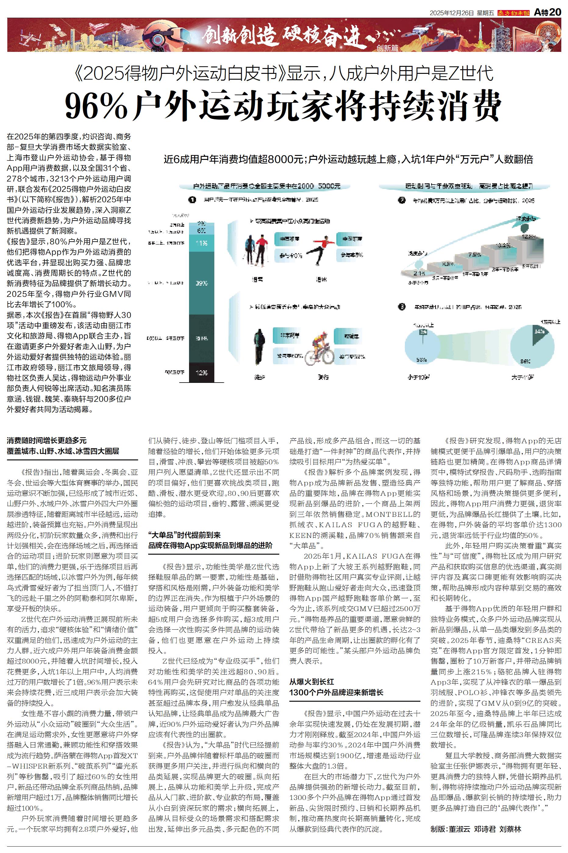 创新篇 在2025年的第四季度,灼识咨询、商务部-复旦大学消费市场大数据实验室、上海市登山户外运动协会,基于得物App用户消费数据,以及全国31个省、278个城市,3213个户外运动用户调研,联
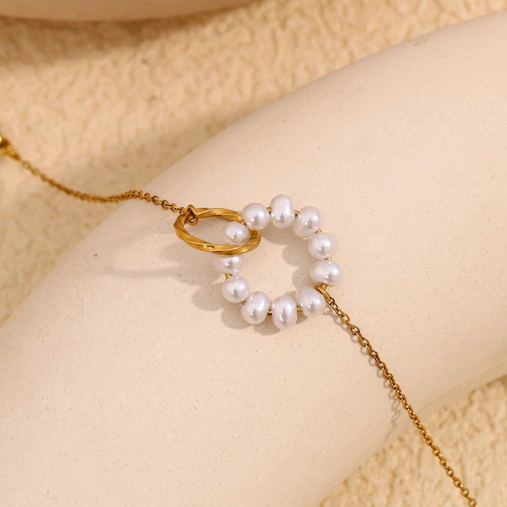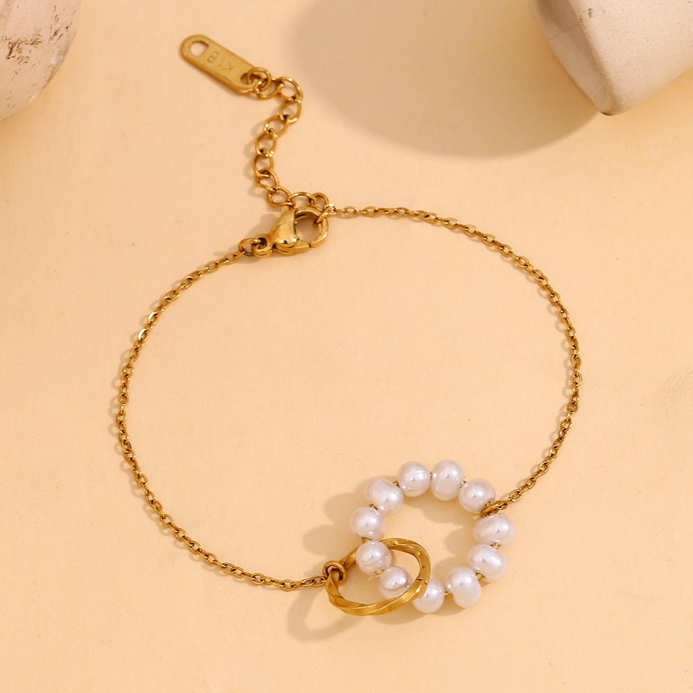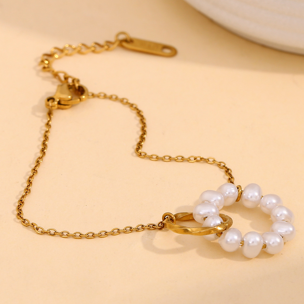 Bracelets en acier inoxydable, Acier inoxydable 304, avec perle de plastique, avec 3cm chaînes de rallonge, Plaqué or 18K, bijoux de mode & pour femme & creux, Longueur:16 cm, Vendu par PC
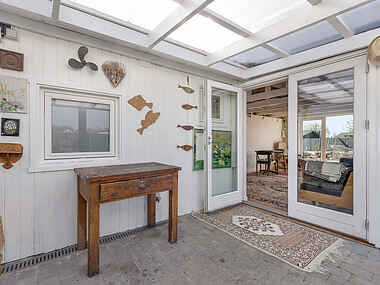 Den private terrasse er delvist overdækket, og det er muligt at lukke den overdækkede terrasse helt af, hvis vejret er til den kolde side.
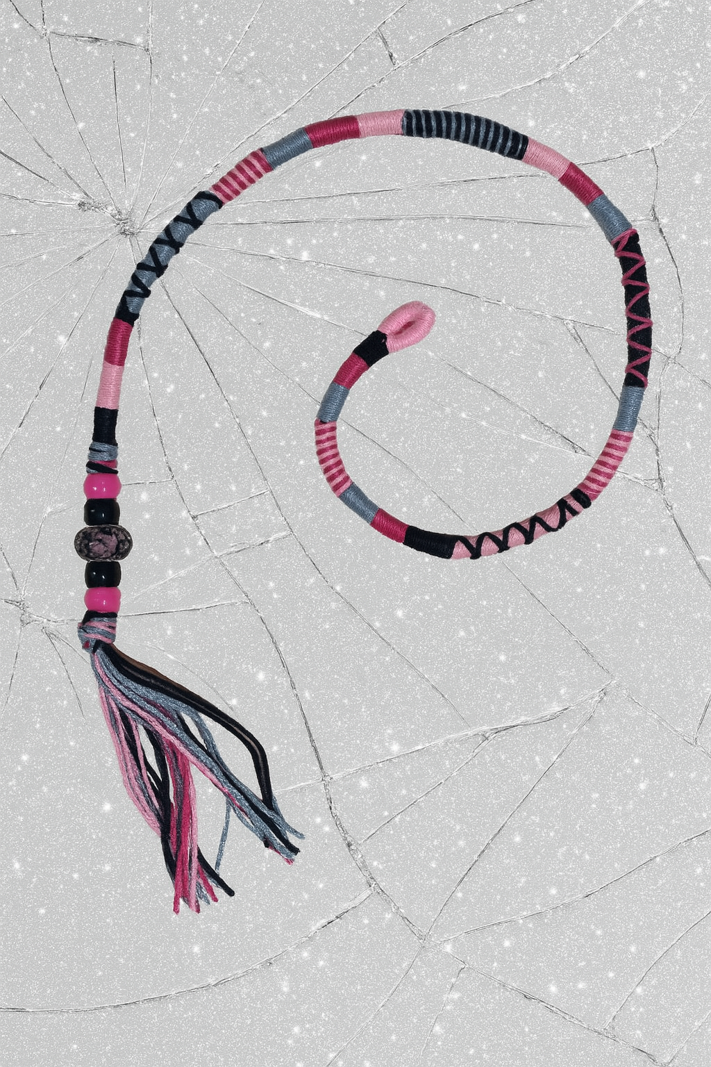 One-of-a-kind handmade hair wrap featuring bold pink, black, and grey threadwork, statement beads, and tassels. Made to stand out — just like you.
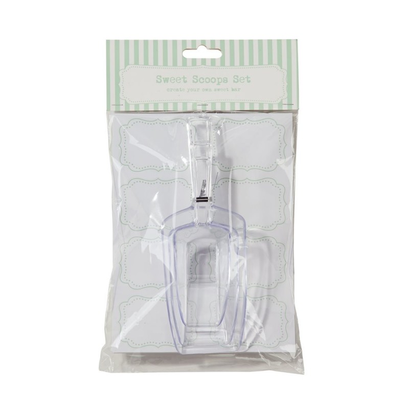 Quantity: 3 scoops (20x7 cm, 17x6 cm e 13x4 cm), 8 sticky labels and 1 sweet bar sign
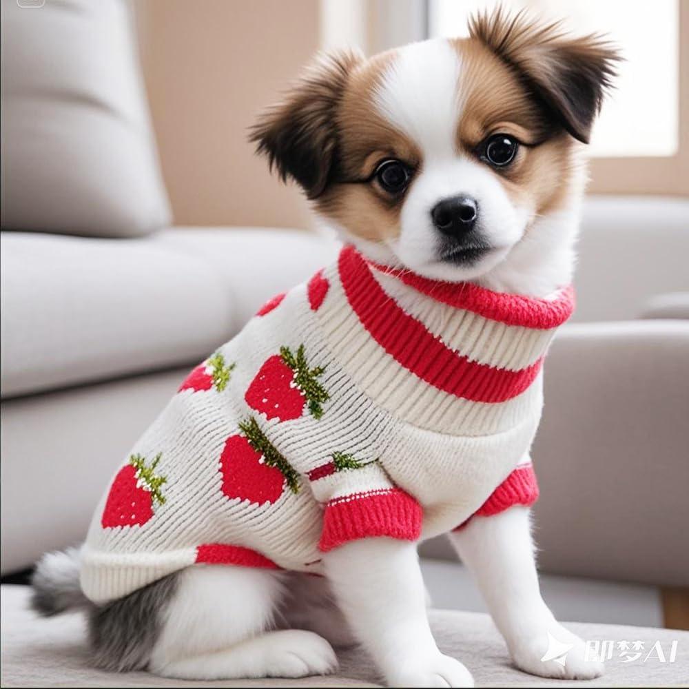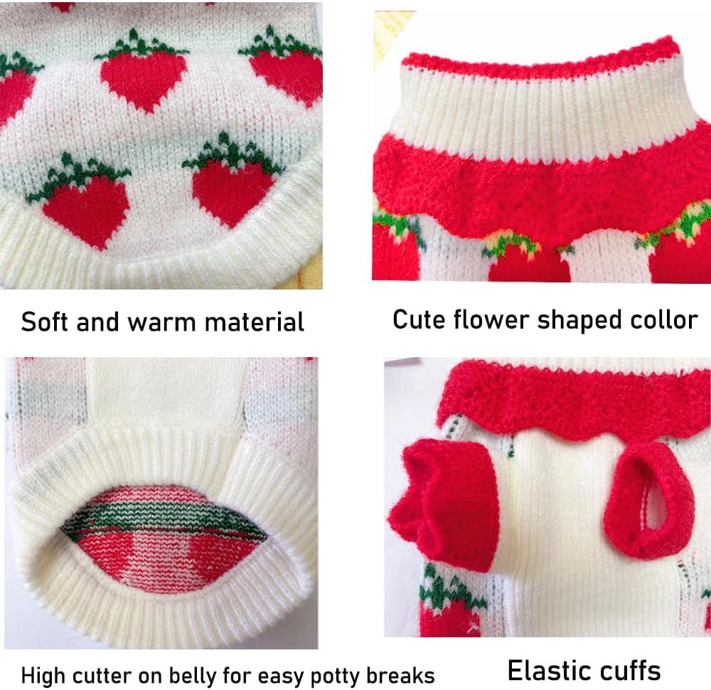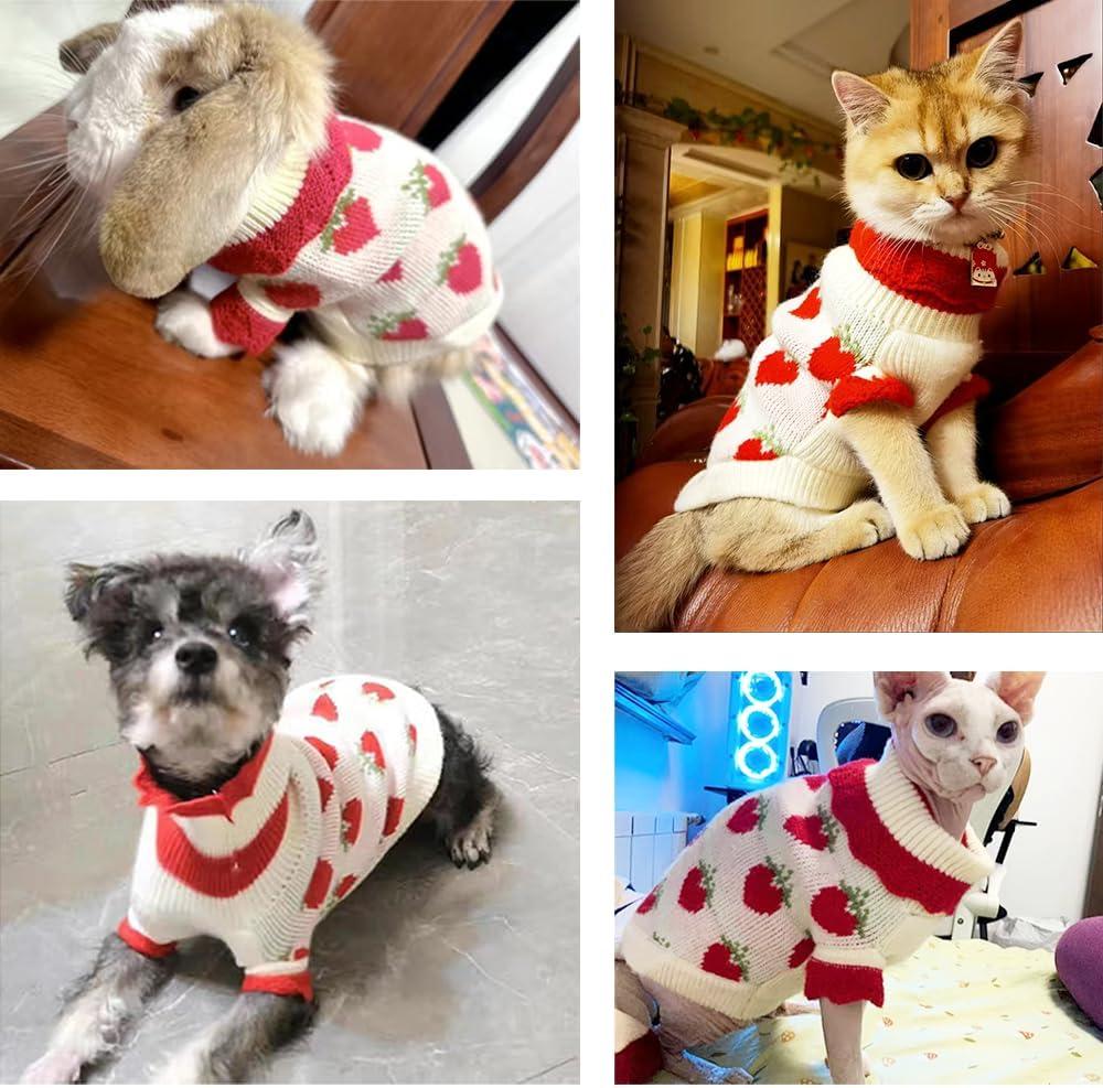 ANIAC Fall Dog Sweater for Small Dog Girl Strawberry Knitted Cat Sweater Winter Puppy Clothes Turtleneck Kitten Knitwear Could Weather Outfit for Teacup Chihuahua Yorkie Poodle (X-Small, Orange)(Red strawberry)
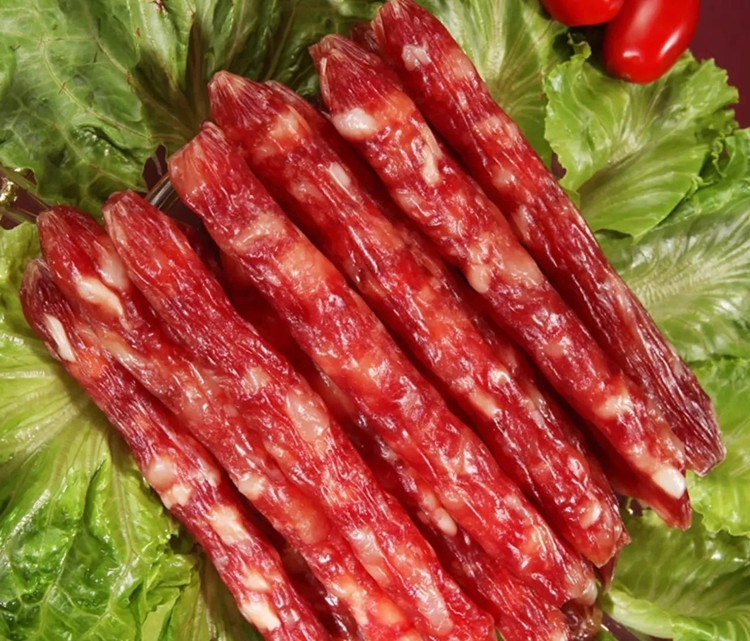大有愛吃的廣式香腸占有中國香腸市場的60%以上,廣式香腸是將瘦肉經(jīng)粗絞、肥膘經(jīng)切丁,配以輔料,灌入天然腸衣或人造腸衣經(jīng)晾曬烘干而成;由于廣式香腸加入較多的蔗糖和酒,加之高溫高濕的環(huán)境,使得廣式香腸在加工、儲藏和銷售過程中很容易形成風(fēng)味物質(zhì)。
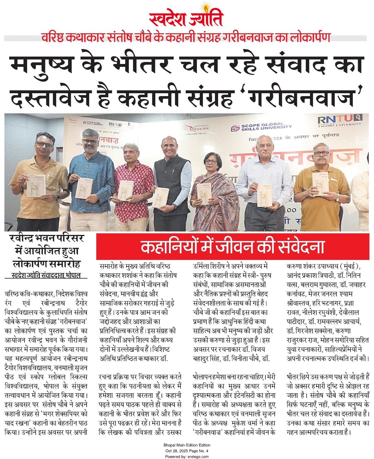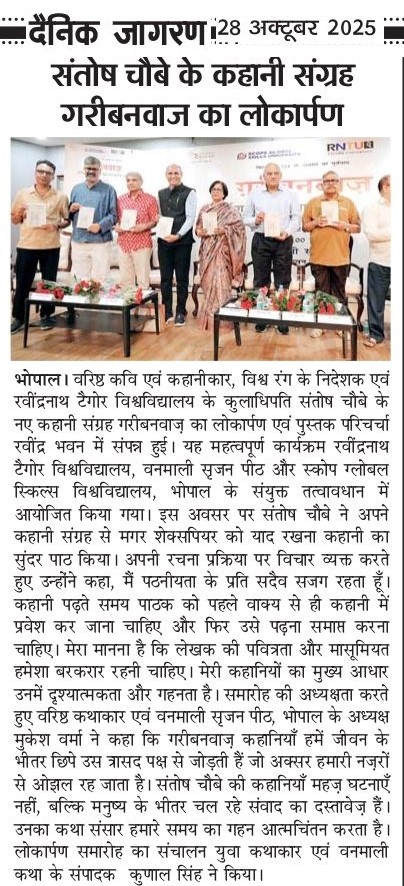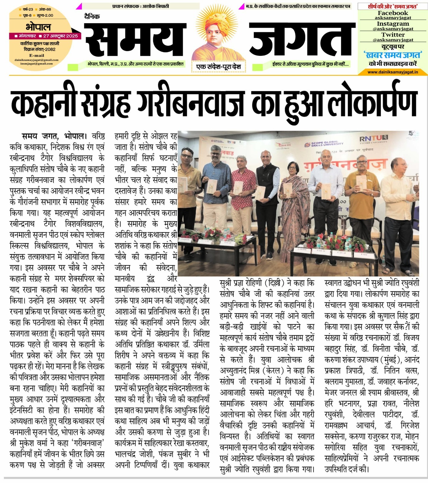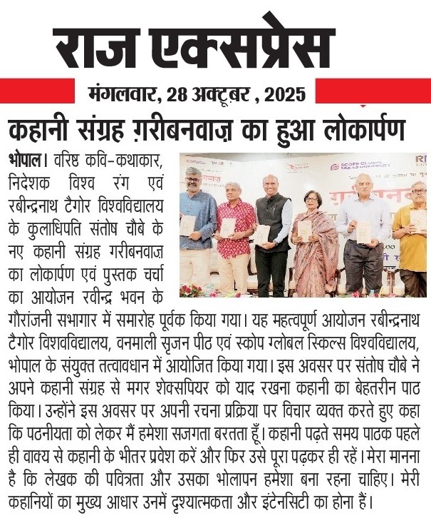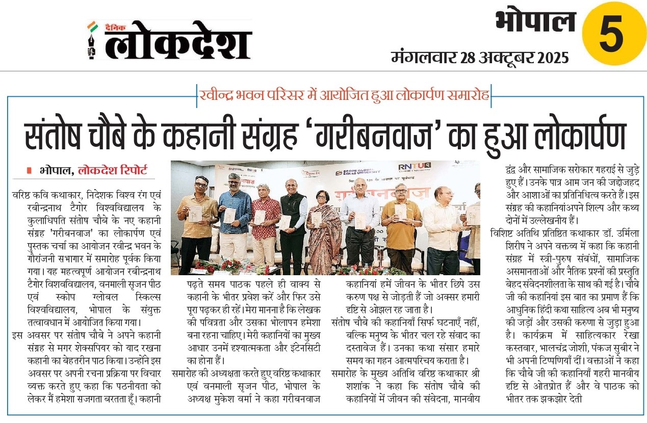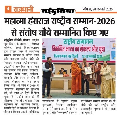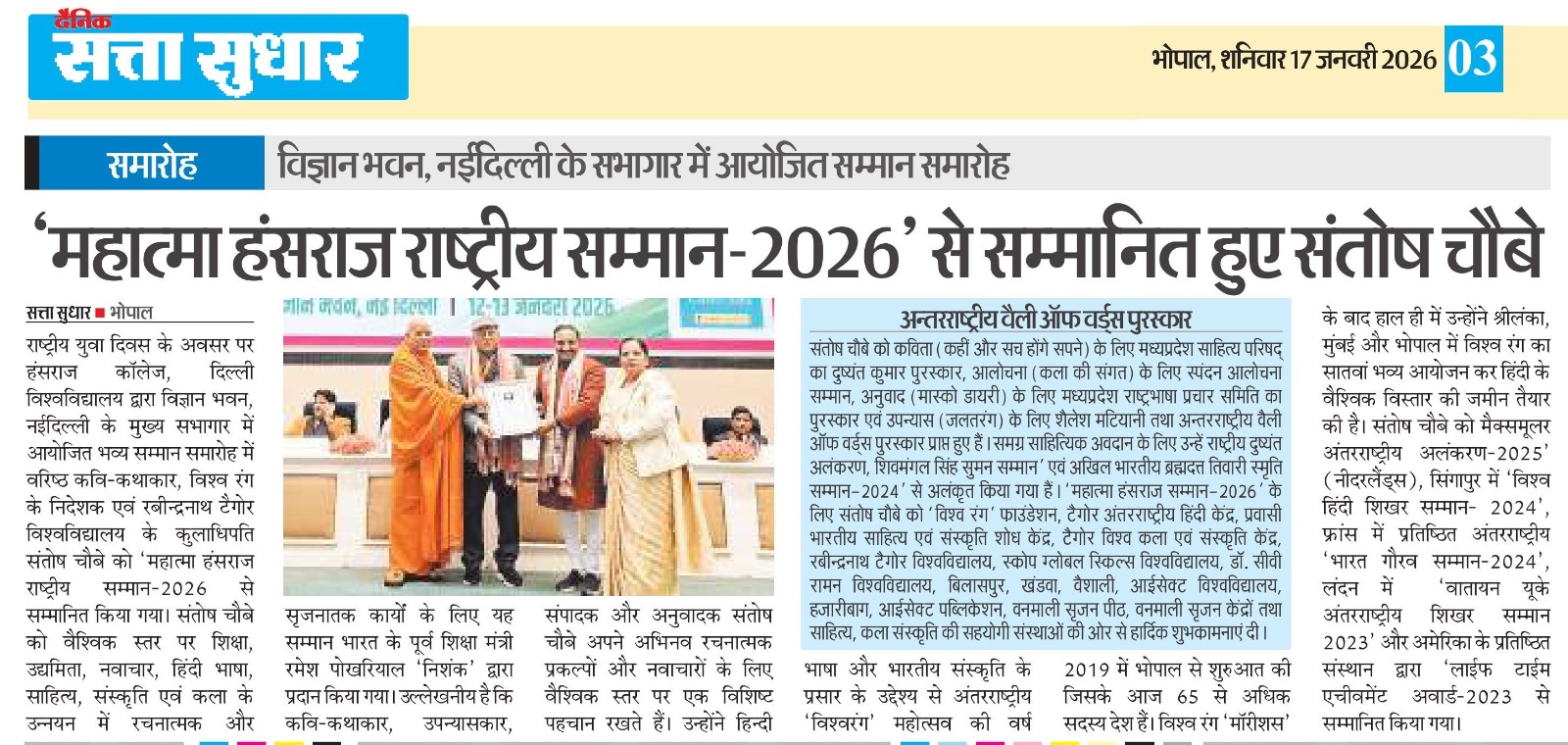 राष्ट्रीय युवा दिवस के अवसर पर हंसराज कॉलेज, दिल्ली विश्वविद्यालय द्वारा विज्ञान भवन, नईदिल्ली के मुख्य सभागार में आयोजित भव्य सम्मान समारोह में वरिष्ठ कवि–कथाकार, विश्व रंग के निदेशक एवं रबीन्द्रनाथ टैगोर विश्वविद्यालय के कुलाधिपति संतोष चौबे जी को "महात्मा हंसराज राष्ट्रीय सम्मान–2026 से सम्मानित किया गया।

▬▬▬▬▬▬▬▬▬▬

Problem to work on: Beginning at the line that contains "大有愛吃的廣式香腸占有中國香", retype each line of the data above through the very last one. Do not retype the pictures.

Answer box:
大有愛吃的廣式香腸占有中國香腸市場的60%以上,廣式香腸是將瘦肉經(jīng)粗絞、肥膘經(jīng)切丁,配以輔料,灌入天然腸衣或人造腸衣經(jīng)晾曬烘干而成;由于廣式香腸加入較多的蔗糖和酒,加之高溫高濕的環(huán)境,使得廣式香腸在加工、儲藏和銷售過程中很容易形成風(fēng)味物質(zhì)。
 राष्ट्रीय युवा दिवस के अवसर पर हंसराज कॉलेज, दिल्ली विश्वविद्यालय द्वारा विज्ञान भवन, नईदिल्ली के मुख्य सभागार में आयोजित भव्य सम्मान समारोह में वरिष्ठ कवि–कथाकार, विश्व रंग के निदेशक एवं रबीन्द्रनाथ टैगोर विश्वविद्यालय के कुलाधिपति संतोष चौबे जी को "महात्मा हंसराज राष्ट्रीय सम्मान–2026 से सम्मानित किया गया।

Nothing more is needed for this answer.